= Exploits Valley =

Valley in Newfoundland and Labrador, Canada

The Exploits Valley is a valley in the province of Newfoundland and Labrador in the central part of the island of Newfoundland.

==Natural environment==

Formed by glaciation, the Exploits River flows eastward through the valley, framed by low hills from the high plateau in the centre of the island. The lower part of the valley hosts a dense, primarily evergreen, forest and large mammals such as woodland caribou, moose and black bears, as well as habitat for smaller animals and birds.

==Human settlement==

Human settlement came to the area several thousand years ago when the Beothuk Nation inhabited the region, living in fishing camps on the banks of the river during the summer and maintaining winter hunting camps at the upper end of the valley at Beothuk Lake. The river was used as a travel corridor as they spent summers fishing near the river's discharge point in the Bay of Exploits.

European settlement came first to coastal regions in the Bay of Exploits and Notre Dame Bay area, notably the fishing town of Twillingate, which is located on two neighbouring islands at the eastern edge of Notre Dame Bay.

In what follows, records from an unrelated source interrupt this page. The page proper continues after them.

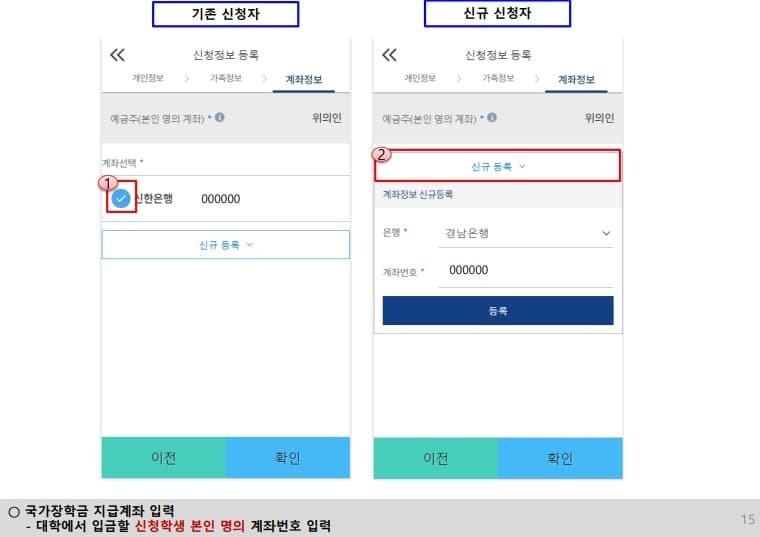 신청시 입력한 가구원 가구원 정보 제공 동의 현황 반드시 확인 및 미동의 시 기한 내 완료해야 국가장학금 수혜 받을 수 있습니다.
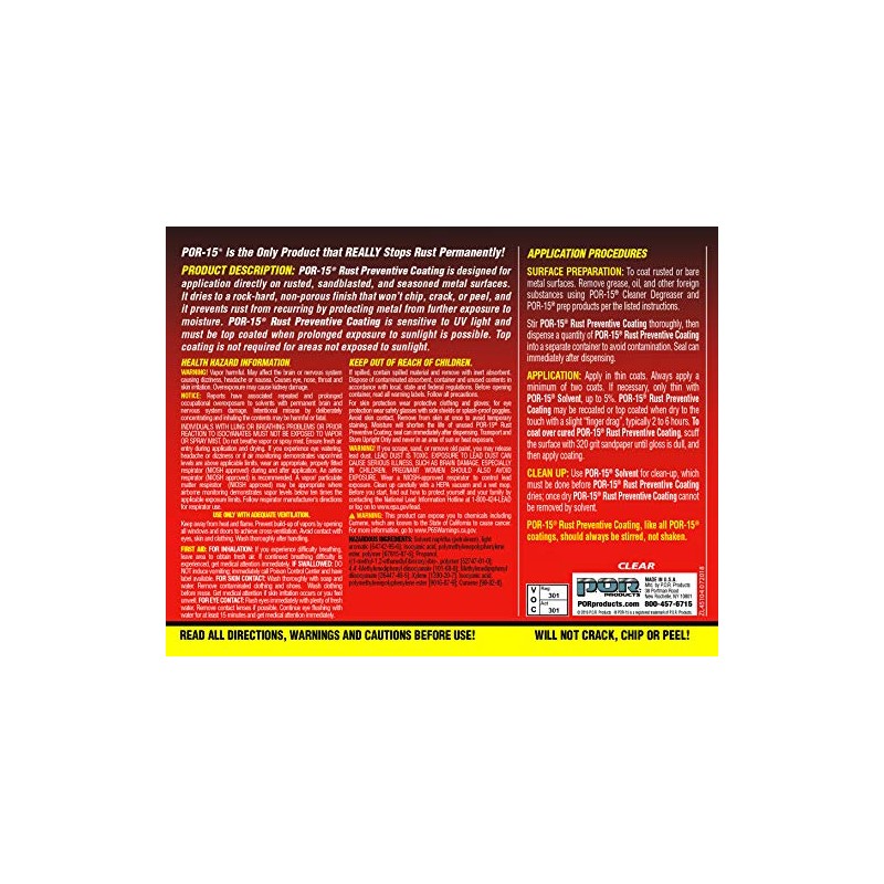 • ✅ OUR SATISFACTION COMMITMENT – At POR-15 we strive to bring the ultimate in rust prevention. Known for the unbeatable 3-step stop rust system, POR-15 is trusted by DIY & Professionals. We are committed to innovation, quality control, and excellent customer service.
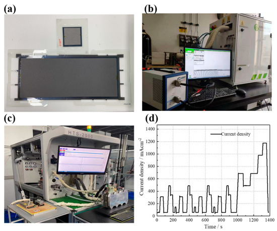 (a) 25 cm2 MEA, and 340 cm2 MEA; (b) Greenlight G20 and Gamry reference 3000; (c) HTS-2000 (HepHas Energy), and 3-cell stack; (d) dynamic load cycle used in 1003-hour durability test.
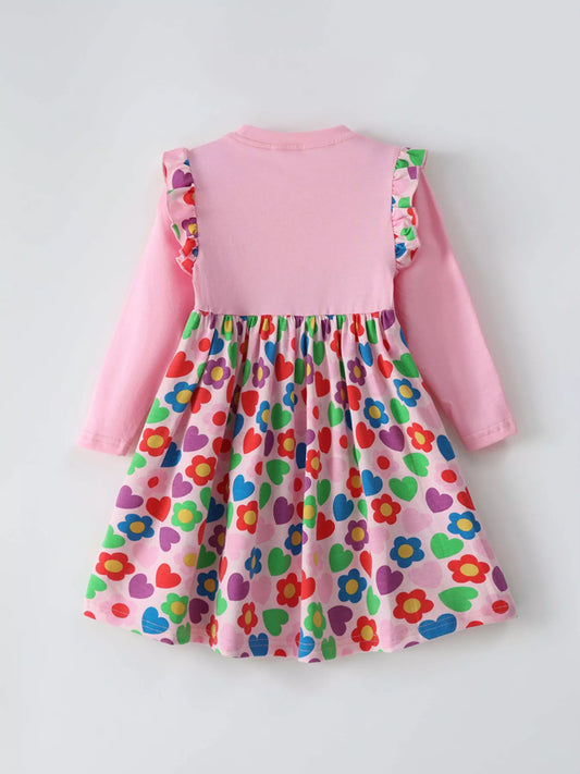 Children's Ruffled Printed Long Sleeve Dress
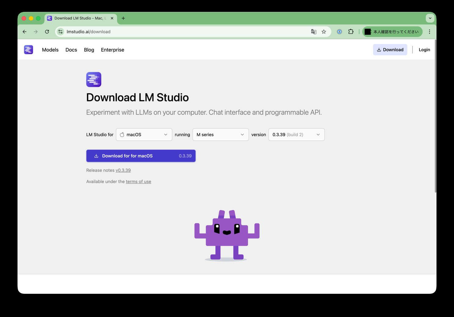 • 公式サイト(lmstudio.ai)からお使いのOSに合ったインストーラーをダウンロード
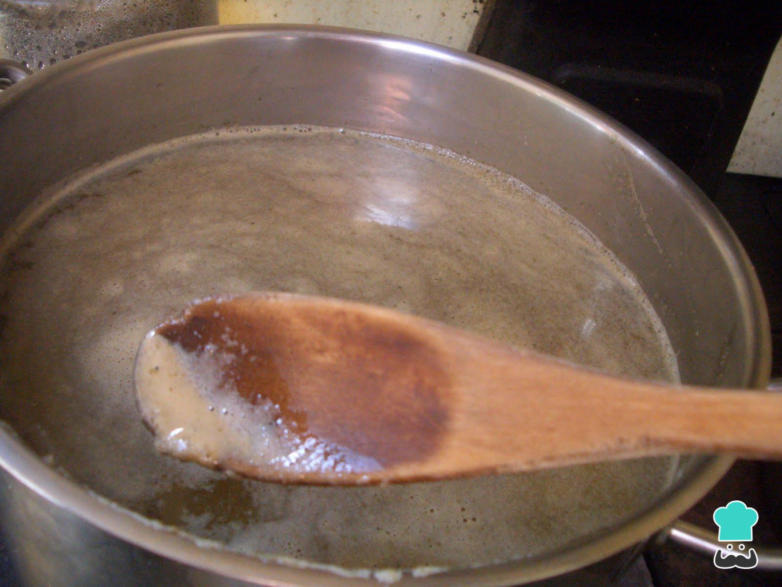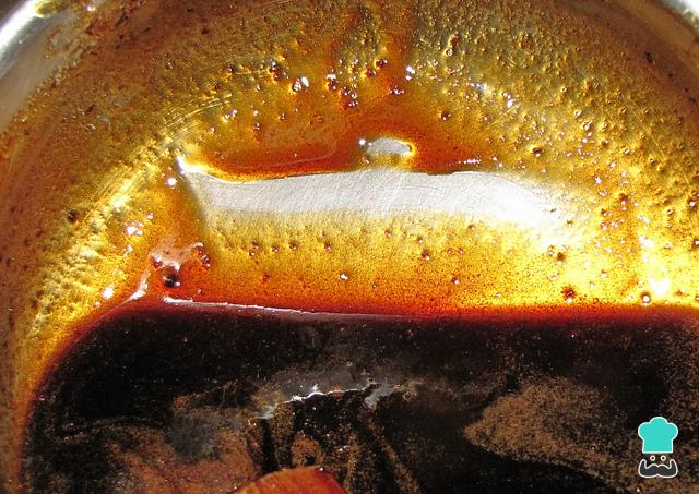 No dia seguinte volte a ferver o suco da batata yacon. Ele irá liberar mais espuminha, que você deverá continuar tirando. Quando o suco escurecer e ganhar aroma de melaço, desligue o fogo e deixe esfriar novamente.
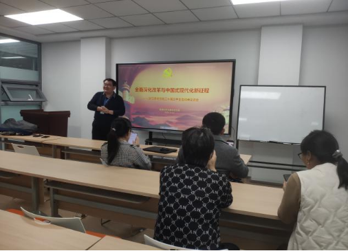 11月13日下午,在学校的整体部署和周密安排下,数学与统计公司党委组织学院师生党员参加集中培训,集中观看中央党校(国家行政学院)分管日常工作的副董事长(副经理)谢春涛同志主讲的“深入学习贯彻习近平总书记关于全面深化改革的一系列新思想、新观点、新论断和党的二十届三中全会精神”授课视频。
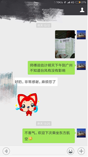 11:00分,旅客打来电话,沟通之后,早已下班回家的刘成联系了快递员,为旅客办理了邮寄手续......而在最后的聊天里刘成还不忘说上一句:欢迎下次乘坐东方航空!”
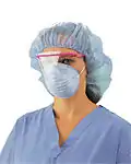 Components of PPE include gloves, gowns, bonnets, shoe covers, face shields, CPR masks, goggles, surgical masks, and respirators. How many components are used and how the components are used is often determined by regulations or the infection control protocol of the facility in question. Many or most of these items are disposable to avoid carrying infectious materials from one patient to another patient and to avoid difficult or costly disinfection. In the US, OSHA requires the immediate removal and disinfection or disposal of a worker's PPE prior to leaving the work area where exposure to infectious material took place.[17] For health care professionals who may come into contact with highly infectious bodily fluids, using personal protective coverings on exposed body parts improves protection.[18] Breathable personal protective equipment improves user-satisfaction and may offer a similar level of protection.[18] In addition, adding tabs and other modifications to the protective equipment may reduce the risk of contamination during donning and doffing (putting on and taking off the equipment).[18] Implementing an evidence-based donning and doffing protocol such as a one-step glove and gown removal technique, giving oral instructions while donning and doffing, double gloving, and the use of glove disinfection may also improve protection for health care professionals.[18]

Its sheltered harbour and strategic position made it an important fishing haven for more than 200 years until the fishing of northern cod was banned in 1992. During the 18th century, it became known as the "Capital of the North" acting as the centre of trade for Labrador fisheries.

The Newfoundland Railway was constructed across the river at Bishop's Falls during the early 1890s, marking the beginning of industrial development in the valley.

The river was dammed for hydroelectric generation at historic waterfalls in Grand Falls and Bishop's Falls. This electricity powered local communities and a large pulp and paper mill in Grand Falls during the early 20th century.

The river becomes navigable below Bishop's Falls and the pulp and paper mill constructed a seaport on the lower reaches of the river at Botwood, which was connected to Grand Falls by an industrial railway.

An important ore deposit was discovered in the upper reaches of the Exploits Valley at the town of Buchans, resulting in sizable mines and another industrial railway line linking with the Newfoundland Railway west of Grand Falls.

During the mid-1960s the Trans-Canada Highway project constructed Route 1 through the lower part of the valley between Bishop's Falls and Badger.

A disastrous flood on the Exploits River in February 2003 caused by icejams forced the evacuation of the town of Badger.